Wednesday, May 18, 2016

What does eIDAS compliance mean for a PKI?

The new eIDAS regulation that has been adopted in the EU (by 1 July 2016) comes with a new set of standard documents from ETSI, specifying particular requirements on PKI. The two new eIDAS standards relevant for PKI are:
  • EN 319 411 - Policy and security requirements for Trust Service Providers issuing certificates
  • EN 319 412 - Certificate Profiles
The standards are maintained by the standardization body ETSI and can be downloaded from the ETSI download area.

What new requirements do these standards come with? Looking closely there are only two new things needed to be able to claim "eIDAS compliance":
  • A new DN attribute organizationIdentifier
  • New fields in the QCStatement certificate extension
Let's dig a little deeper into these two requirements.


OrganizationIdentifier is a DN attribute with OID specified in X.520. This is an attribute that has, to my knowledge, never been in common use in certificates before. Its usage in the eIDAS context is described in the following sections of EN 319 412:
  • EN 319 412-1 section 5.1.1 and 5.1.4
  • EN 319 412-2 section and 4.2.4
  • EN 319 412-3 section 4.2.1
OrganizationIdentifier is supported in EJBCA Enterprise PKI from version 6.5.2.

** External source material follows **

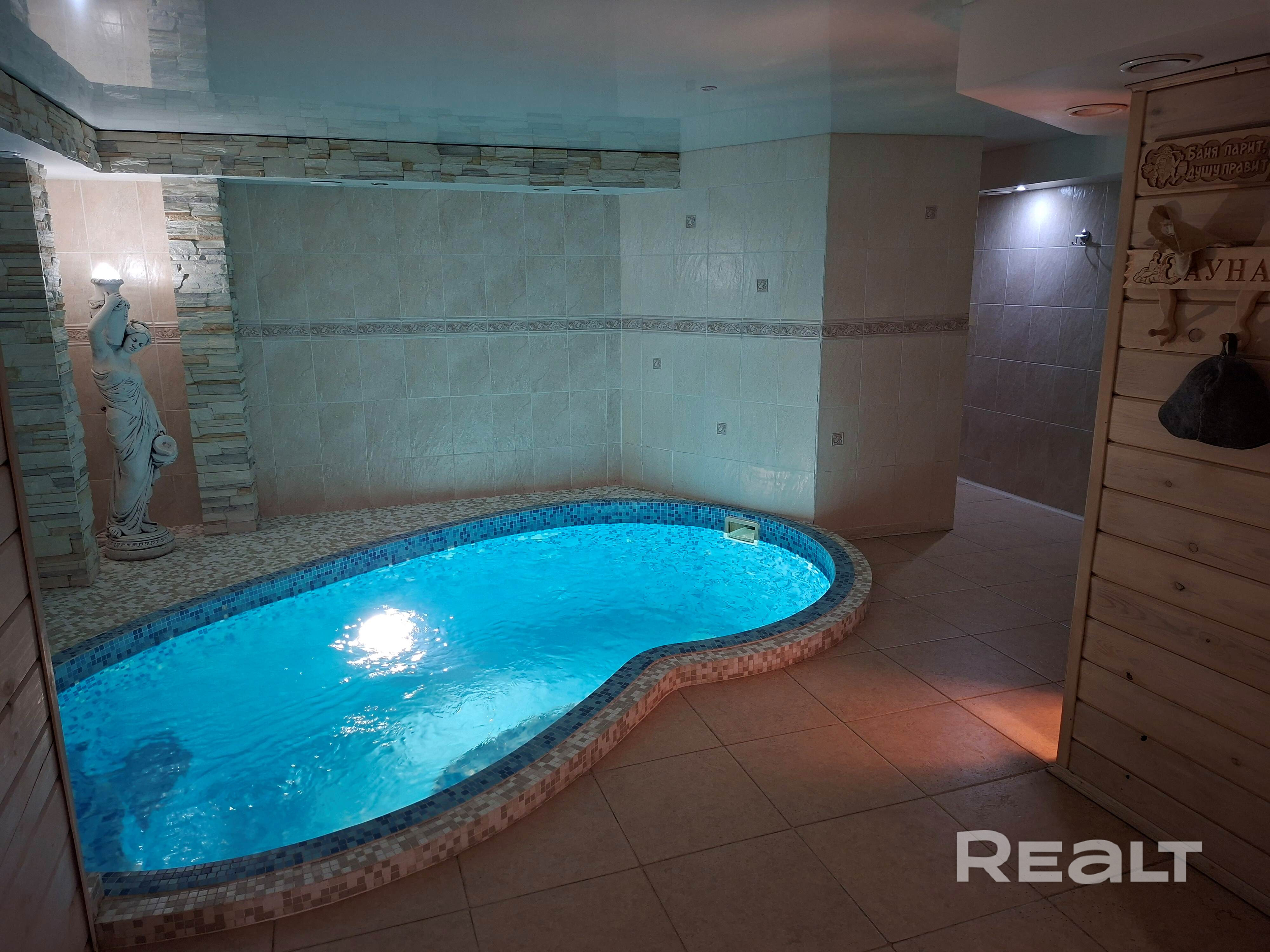 Спа комплекс с бассейном, сауной, зоной отдыха, санузлом около 60 м2 в цокольном этаже с теплыми полами.

There is already a QCStatement extension in use since long. With the new standards comes a few additions.

The new items in the QCStatement extension are:
  • QcType, claiming that the certificate is a EU qualified certificate of a particular type
  • PdsLocation, location of PKI Disclosure Statements (PDS)
The QCStatement is described in:
  • EN 319 411-2 section 6.6.1
  • EN 319 412-1 section 5.1.1 and 5.1.2
  • EN 319 412-2 section 5.1 and 5.2
  • EN 319 412-4 section 4.2
  • EN 319 412-5, full technical description
With the convenient ability to define custom extensions in the EJBCA GUI (since EJBCA 6.4.0) the new QCStatement extension can be easily added to any certificate profile.

EJBCA Enterprise

We strive to support all relevant open PKI standards and it is important to keep EJBCA Enterprise up to date with new and emerging standards. Since EJBCA 6.5.2 eIDAS compliance should be easily achieved on the level of PKI.

More information  

Basic information on EJBCA Enterprise PKI and PKI Appliance developed by PrimeKey.
EJBCA is a registered trademark of PrimeKey Solutions AB in the EU, the United States, Japan and certain other countries.


tomas said...

Muhammad Bilal Ashraf of Ascertia complemented with information about what's new for digital signature services.

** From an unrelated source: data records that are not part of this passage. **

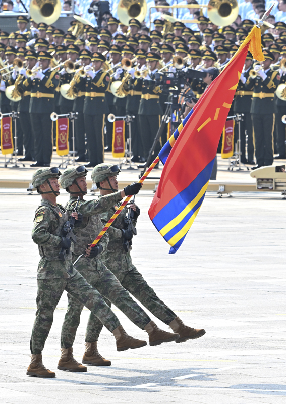 9月3日,紀(jì)念中國人民抗日戰(zhàn)爭暨世界反法西斯戰(zhàn)爭勝利80周年大會在北京隆重舉行。這是戰(zhàn)旗方隊接受檢閱。
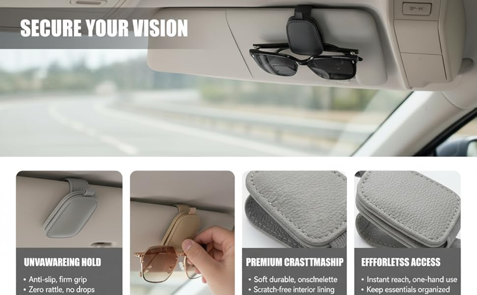 غلاف جلدي كامل سيبقى حاجبك ونظارتك سليمة لأن حامل النظارات الشمسية لواقي السيارة يتكون من جلد عالي الجودة مع ملمس ناعم يغلف المشبك بالكامل
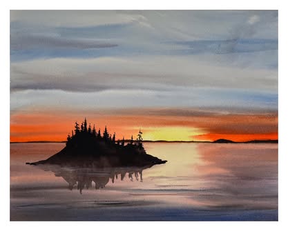 Sunset. Watercolour on paper, 12×12 inches. Private collection.
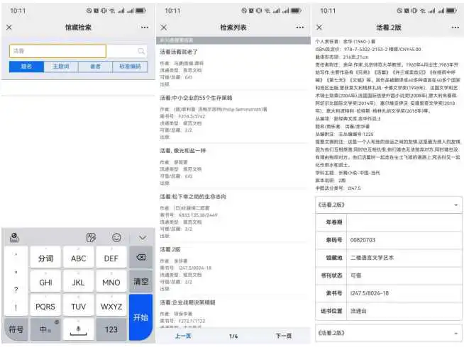 输入书名、作者等关键词检索图书的索书号、借阅状态和所在的书库,以《活着》小说为例:
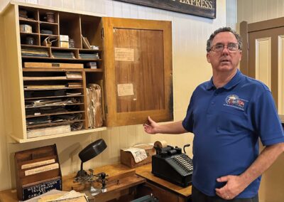 The difference between the “old” train station and today’s museum is authenticity and hyperlocalism. In preparing the station for visitors, it took a village. Historians like Jean-Guy Dubé made sure that Leon Worden used official Southern Pacific RR colors when he painted the station interior; retired SP engineer Michael Jarel examined each artifact to make sure it is true to the railroad line (later purchased by Union Pacific) that serviced the Santa Clarita Valley; Archivists Eva Gritz and Madison Traylor handle every item in our collection with proper preservation techniques; volunteers like Guy Horanberg, Tim Burkhart and Michael Owston fix and build things and Barbara Martinelli recruits and trains docents to share our history stories. We’re proud of our history-telling team.
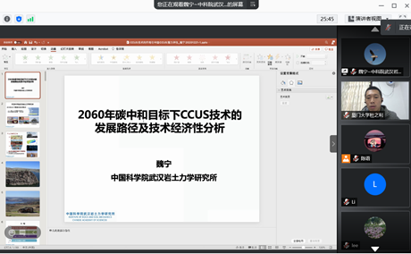2020年12月21日上午9:30,中国科学院武汉岩土力学研究所魏宁教授做客厦门大学管理学院中国能源政策研究院“能源环境经济与管理学术名家讲坛”,带来了题为“2060年碳中和目标下CCUS技术的发展路径及经济性分析”的线上报告。魏教授基于自主开发的技术经济评估模型及源汇匹配的系统评估模型,定量探讨碳捕捉、利用及封存(CCUS)技术在中国煤基能源产业的应用潜力及经济性,并分析CCUS技术商业化的主要挑战和对策,吸引了众多管理学院师生聆听报告。讲座由中国能源政策研究院助理教授杜之利主持。
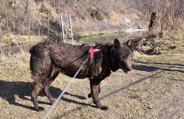 Update 28.03.2026: "Jetzt bin ich schon zwei Monate hier in der Schweiz. In dieser Zeit bin ich so richtig aufgeblüht. Ich geniesse die Spaziergänge, die frische Luft, die Ruhe, mein Bettchen und das leckere Fressen. An der Leine laufe ich profimässig und darf sogar schon ab und zu ohne Leine laufen, der Rückruf klappt schon ganz gut.
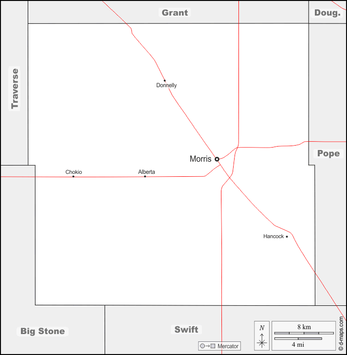 d-maps > संयुक्त राज्य > मिनेसोटा > स्टीवंस > सीमाओं, मुख्य शहरों, सड़कों, नाम
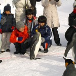 入園直後、ペンギンのお散歩タイムのアナウンス。ディズニーのパレードの様に、行進する沿道に人々の花道ができた。前方の人々の歓声があがり、間もなくしてペンギン達が歩いてきた。あるペンギンは芸でも教えたかという程、愛想良く観客に近づきカメラにポーズを決める。凄技のペンギンである。
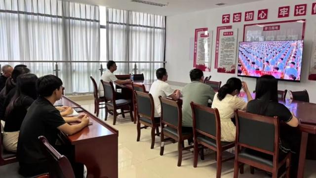 观看过程中,全体党员干部全神贯注,心情随着阅兵式的推进而激动不已。当铿锵有力的步伐声响起,当现代化武器装备依次亮相,当空中梯队呼啸而过,党员们发出阵阵赞叹,大家深刻感受到了人民军队“听党指挥、能打胜仗、作风优良”的磅礴气势,以及我国国防科技的强大实力。
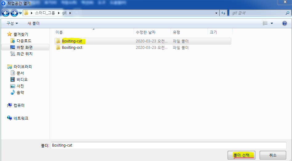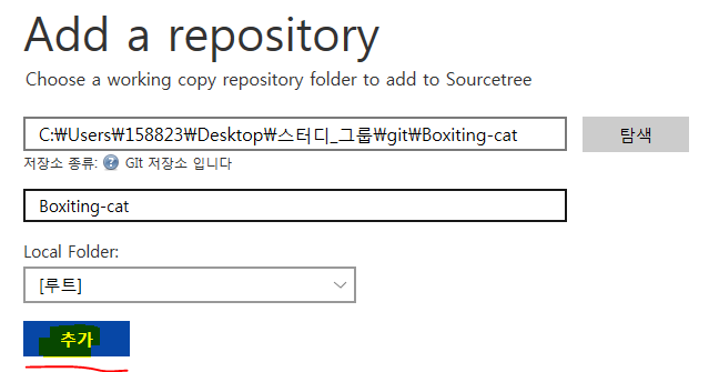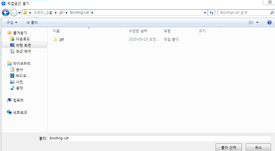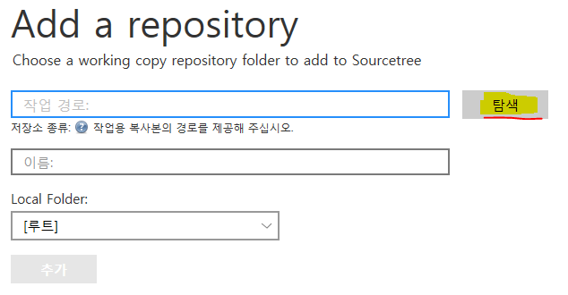 (2)탐색 눌러 폴더 경로 찾기 (.git 파일이 있는 폴더 선택)
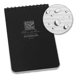 All-Weather Wire-O Notepad, Universal: Narrow Rule and Quadrille Rule, Black Cover, 50 White 4 x 6 Sheets

1- Support for server side signing of the data to be signed (DTBS)
2- Usage of level 2 sole control where 2 factor authentication would be required by the signer before accessing the Signature creation data (i.e. Private Key) from the signature creation device (SCDev). The interesting point is the signer authentication must be enforced by the signature creation device (SCDev) i.e. HSM etc.
3- The timestamp token should also be obtained using the qualified TSA in case of long term signatures are being created

tomas said...

Update: Since EJBCA Enterprise 6.6.0 (2016-10-19), there is full GUI support for eIDAS QC statements in the EJBCA Admin Web.